2 Problem Formulation

In the present work, we propose a near real-time system employing an interval based programming approach for nodal tracking over distributed live streams or databases using a non-parametric supervised classification technique. The present work simulates the proposed approach with facial tracking over unconstrained geo-spatial subspaces owing to enhanced relative generality and reliability, while stating that similar work shall be extended to other vision based applications with relative ease. The system we propose seeks to leverage the particular computational prowess of large scale processing engines in applications involving reuse of working set across parallel operations [12] while assuring fault tolerance, consistency and seamless integration with batch processing, all which are critical considerables for scalable and reliable execution.

3 Proposed System

The proposed system is used to achieve near real-time, efficient tracking of individuals over large geographical subspaces. The system constituents can be largely characterised as A Master Node, Worker Nodes, Camera Nodes and Request Tracking Node. A high level overview of the system architecture has been depicted in Fig. 1. The stages in the pipeline are

• Feature Generation

• Facial Identification

We utilize spark streaming, from the Apache Spark stack, as a core component for streaming computation tasks. The system defines multiple input streams obtained by receiving records feed directly from client or by interval defined loading from external data storage file systems, where it may be placed by a log collection system [13]. The feature generation stage is represented in Fig. 2. Facial Extraction and Component Definition is done using a region based Single Shot Detector [6]. The fast processing speed, 30–35 fps, and efficiency at various aspect scales enabled segregation of the components. The feature vectors are generated by passing the concatenated component vectors through the CAE. The feature vectors generated as a result of the computation associated with the previous phase are stored in the spark database distributed optimally over the worker nodes by the master. The database is characterised by 2 major tables \(T_1\) and \(T_2\). \(T_1\) contains tuples of unique human faces identified or obtained from organizational records with attributes: human id, feature vector. \(T_2\) characterises the occurrences of the human faces at different nodes as unique tuples, having attributes as: auto id, human id, node id, timestamp. This facilitates querying over the table using a nearest neighbor approach to identify the individual.

Fig. 1.

Overall System Architecture - The \(j^{th}\) camera node with unique IP on the local network, of \(i^{th}\) block transmits the live feed to the block worker via network switch for the block. Apache Worker kept at control room of \(i^{th}\) block receives live feeds from all cameras are fed to Apache Spark Worker. For every face detected in the frame, the computation flow takes place as discussed in Fig. 2.

Fig. 2.

Generation of Feature Vector - A representation of the generation of feature vectors for the \(j^{th}\) extracted face f(t, i, j) from the \(i^{th}\) time variant input frame I(t, i) at the time t. The output of normalization procedure N(f(t, i, j)) is operated upon to extract components for generation of robust descriptors using CAE.

4 Experiments and Results

In the following section, the proposed system performance is analyzed as a function of various deterministic parameters, by simulating under approximate settings. For the simulation, we hand-picked images from standard facial benchmarks - Labeled Faces in the Wild-a (LFW-a) & IARPA Janus Benchmark A (IJB-A). The images were fed into the client library following an interval based approach to facilitate micro-batch generation for processing on the cluster workers. We used a multi-node Apache Spark cluster, with nodal configuration 2.6 GHz Intel i7 second generation processors and 8 GB RAM. Near real-time tracking was achieved employing k-Nearest Neighbours (k-NN) algorithm over the distributed database generated over the multi-node by integrating with MLlib [7]: the machine learning library supported by Apache Spark in simulated video feed environments while varying the parameters to obtain appropriate results as explained next.

Fig. 3.

The reconstruction loss is plotted against the number of training epochs for varying lengths of feature vectors for the auto-encoder trained with (a) adadelta (b) adam optimizer.

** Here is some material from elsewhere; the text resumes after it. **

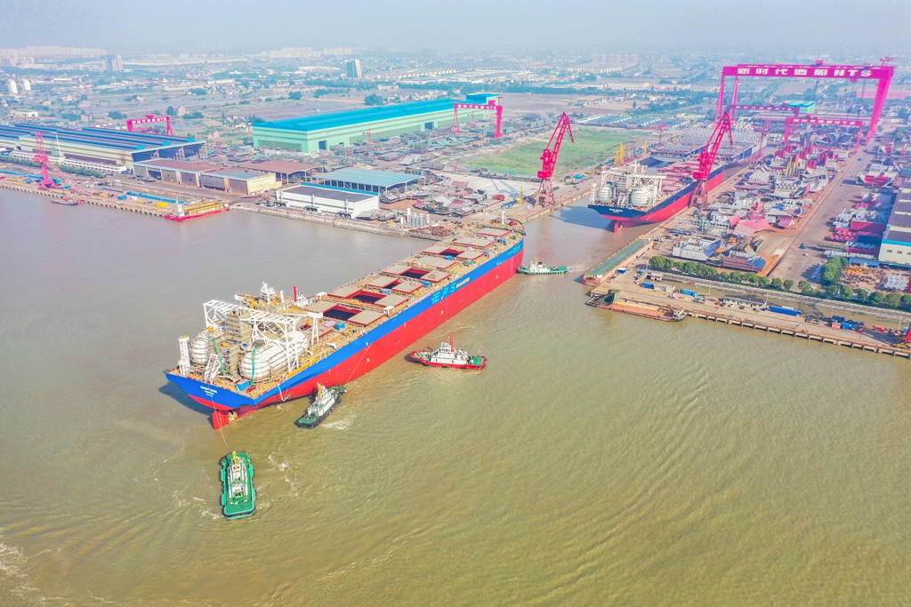 全国造船看江苏,江苏造船看靖江。作为全国最大的民营造船基地,国家级船舶出口基地,以新时代、新扬子造船为代表的靖江船舶企业2023年新接订单增长71%,手持订单、造船完工量分别增长29.9%和12.6%,船舶产业规上总产值增长39.9%,在全球造船业中占据领先地位。 新时代造船所在的靖江经济技术开发区,解放前,这里洼田密布、河道纵横,渡江大军曾在此集结,六助港、罗家港等,都是重要的渡江点。今年100岁的老船工陈子根,当年便是从罗家港出发,运送十兵团第29军的战士过江。 时过境迁,如今这片土地港口码头吊机林立、现代化厂房鳞次栉比、生产机器轰鸣不绝,已经成为靖江经济发展的主阵地、主战场、主引擎,坐拥国家级经济技术开发区、国家一类开放口岸、保税物流中心(B型)三块“金字招牌”。

4.1 Reconstruction Loss Analyzed on the Variation of Feature Length

From Fig. 3(a) and (b) we see that applying Adam optimizer produces better results in the present problem setting. Adam, if compared to Adadelta, is seen to perform better because, in addition to saving a functional average of past squared gradients, it also stores the functional average of past gradients. Decreasing reconstruction loss depicts the increasing descriptive efficiency and invariance of the feature descriptors by a contractive auto-encoder.

4.2 Query Processing Time Analyzed as a Measure of the Facial Components

As evident from Fig. 4, an increase in number of facial components extracted is associated with a marked increase in the processing time for 300 queries in case of a single worker node scenario. Graphical representation for 2 and 3 node scenario exhibit a slightly leaner growth rate of the processing time as a functional measure of the number of components, but these may have significant considerations in practical settings.

Fig. 4.

Processing time for 300 queries, measured in ms, is plotted against differing number of components for 1, 2 and 3 worker nodes.

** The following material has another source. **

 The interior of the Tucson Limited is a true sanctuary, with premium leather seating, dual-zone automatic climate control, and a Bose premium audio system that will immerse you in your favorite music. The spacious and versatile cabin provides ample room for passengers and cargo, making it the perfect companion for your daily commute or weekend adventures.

4.3 Query Processing Time with Varying Worker Nodes

Increasing range to greater geographical subspaces implies the need for enhanced computational processing power, which can be achieved by more worker nodes. The master ensures locality of computation on worker nodes, however in specific scenarios it may shift records between the worker nodes to ensure more equitable load balancing. Keeping the total record penetration of the database constant, a decrease in query processing time is observed on increasing the number of slave worker nodes in Fig. 5. Further this rate of growth is witnessed to depict flattening tendencies as number of worker nodes are further added to the cluster.

Fig. 5.

The processing time for 300 queries on the database generated by the system is plotted against the number of workers for varying number of records. The system exhibits near real-time performance taking time less than 20 ms for 300 queries.

4.4 Performance of Proposed System

The number of facial components impacts the dimensional complexity of the feature descriptors and correspondingly their descriptive power. The performance of the system in terms of True Acceptance Rate at False Acceptance Rate = 0.01 and Recognition Rate at Rank-10 is presented in Table 1. Query processing is analyzed for different number of facial components (hence, varying feature length) under consideration.

Table 1. Performance of the proposed system. TAR is reported at FAR = 0.01 for verification, Recognition Rate at Rank-10 is reported for identification.

5 Conclusions

Recent attempts in tracking have sought to implement paradigm like human vision for analysing motion trajectory. No work to our knowledge has performed tracking at similar scale in real-time, rather major works have focussed on subspaces small as frames of single camera feed. The present work tries to provide a solution into the particularly untapped and critical task involving large subspaces that is beyond individual human capabilities. The work aimed to provide a baseline to propel further penetration in the domain. The proposed system is a multilevel hierarchical model based on Spark streaming to feed input streams that uses a deep contractive encoder-decoder model to generate robust vector encoding and a penultimate classifier for searching over the distributed database prior to final path determination. The processing and path retrieval depicted near real-time performance that provides encouragement for applicability into varied commercial settings.